D1 — Le contenu VR est un type de section, pas une entité parallèle
Retenu : SectionScene3D, dans une Configuration existante.
Le manifeste de scène est une projection de la section, générée par le serveur, jamais saisie à la main. Conséquences, toutes acquises sans code neuf :
| On hérite de | Parce que |
|---|---|
| La publication | c'est une section, elle part dans /configuration/{id}/export |
| L'offline | GetReferencedResourceIds(language) est implémenté par sous-type — on l'implémente une fois |
| Les stats par canal | VisitEvent porte déjà AppType |
| Le multilingue | List<TranslationDTO> jsonb, comme le reste |
| Le quota stockage | SUM(SizeBytes) sur les Resource référencées |
| L'affichage web / mobile | une section est rendue par les 3 clients visiteurs — c'est ce qui rend l'add-on « contenu immersif » vendable sans casque |
Corollaire : GeoPoint est l'objet hotspot unique. Il porte déjà Title, Description,
ImageResource et Contents (titre + description + Resource audio, multilingue). Il lui manque
une position locale (x, y, z) + rotation à côté de son Geometry PostGIS. Pas de nouvel objet POI.

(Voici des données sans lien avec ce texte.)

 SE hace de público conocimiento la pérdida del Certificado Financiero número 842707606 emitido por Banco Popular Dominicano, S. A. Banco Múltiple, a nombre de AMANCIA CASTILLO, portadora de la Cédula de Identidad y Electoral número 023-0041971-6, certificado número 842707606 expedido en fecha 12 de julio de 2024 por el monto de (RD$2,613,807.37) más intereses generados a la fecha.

Écarté : une entité VrScene autonome — elle aurait obligé à réécrire publication,
versionnement, cache offline, quotas et stats.
Écarté aussi, pour la V1 : rendre les 13 types de section en immersif. Le §8 du plan du 31/08 garde sa validité comme cap (Menu / Video 360 / Slider / Map gagnent vraiment en VR), mais ce n'est pas le périmètre de la V1 : la V1 rend une scène, pas un CMS flottant.

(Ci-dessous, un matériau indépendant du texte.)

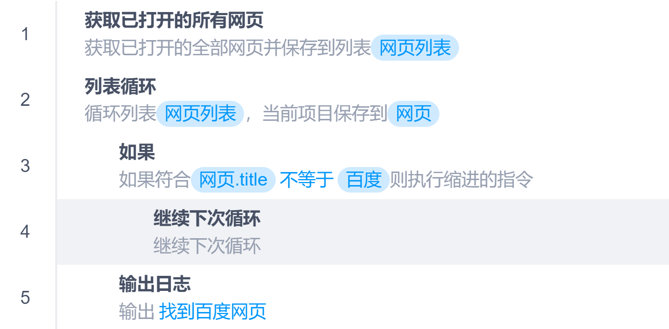 指令循环继续下次循环本页总览继续下次循环 指令说明 跳过后续指令,从循环开始处继续执行。可以搭配次数循环、条件循环、列表循环、无限循环一起使用 示例 获取百度网页。假设当前已经打开的网页分别是京东、淘宝、百度、小米,则流程行号执行顺序为:1 -> 2 -> 3 -> 4 -> 2 -> 3 -> 4 -> 2 -> 3 -> 5 -> 2 -> 3 -> 4

D2 — Le placement se fait dans le viewer, au clic
Retenu : le viewer THREE.js est aussi l'éditeur de placement.
Clic dans la scène → raycast sur le sol → position. Poignée de rotation sur l'objet sélectionné, panneau numérique à côté pour ajuster au centimètre. Pas d'éditeur 3D complet, pas de gizmo de translation sur 3 axes.

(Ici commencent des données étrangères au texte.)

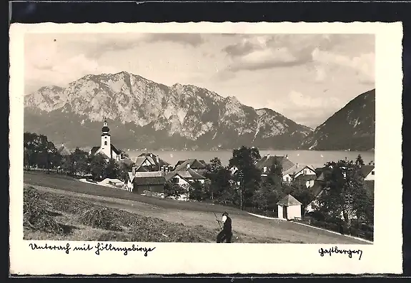 AK Unterach am Attersee, Panorama mit Blick nach dem Höllengebirge

Coût marginal quasi nul : le viewer doit exister de toute façon pour la preview (§3.6 du cahier des charges). C'est le seul mécanisme où le client voit ce qu'il compose.
⚠️ Ce que ça engage : le viewer cesse d'être en lecture seule. Il lui faut un état d'édition, un undo, et un enregistrement explicite. À ne pas sous-estimer — c'est la moitié de son coût.
Écartés : la mini-carte 2D vue de dessus (il aurait fallu produire un rendu orthographique du monde, et le client place à l'aveugle sur la hauteur) ; les ancrages prédéfinis (composition pauvre, sensation de gabarit — mauvais en démo commerciale).
D3 — Un seul viewer, app web autonome, partagé par les quatre fronts
Retenu : le viewer est une application web autonome nourrie par une URL de manifeste. Précisé le 2026-09-03 : il ne sert pas deux fronts mais quatre.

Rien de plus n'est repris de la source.